## Problem statement:
All of the listing below must be repeated word for word. Pictures are the only thing to omit.

## Dataset extract:
== Segment start ==

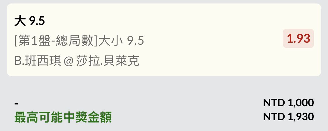 [LIVE] 網球 B.班西琪2:0莎拉.貝萊克 場中 - SportLottery 板
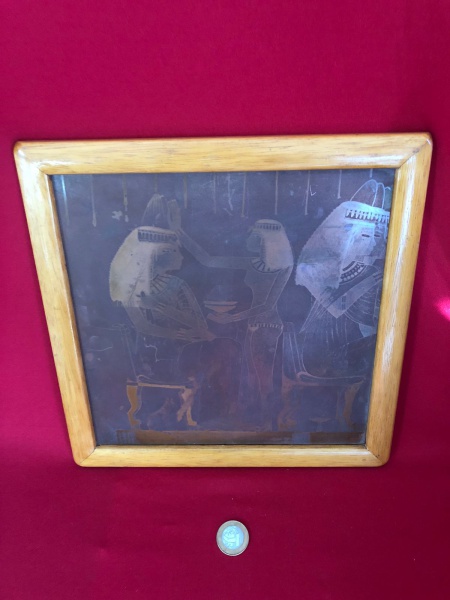 • Reprodução artística decorativa inspirada na arte da Mesopotâmia antiga feita de folha de cobre fina trabalhada em relevo  das décadas de 1960 e 1980 .
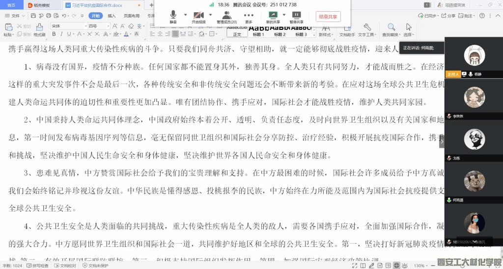 学生第三党支部通过线上学习的方式,组织学习有关习近平总书记谈抗疫国际合作的内容。支部书记段强老师以及支部全体党员参加此次组织生活会。
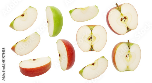 Vibrant collection of fresh apple slices and halves showcasing diverse green and red fruit varieties scattered against a clean backdrop perfect for healthy eating concepts and natural food photography

== Segment end ==

## Answer space:
 [LIVE] 網球 B.班西琪2:0莎拉.貝萊克 場中 - SportLottery 板
 • Reprodução artística decorativa inspirada na arte da Mesopotâmia antiga feita de folha de cobre fina trabalhada em relevo  das décadas de 1960 e 1980 .
 学生第三党支部通过线上学习的方式,组织学习有关习近平总书记谈抗疫国际合作的内容。支部书记段强老师以及支部全体党员参加此次组织生活会。
 Vibrant collection of fresh apple slices and halves showcasing diverse green and red fruit varieties scattered against a clean backdrop perfect for healthy eating concepts and natural food photography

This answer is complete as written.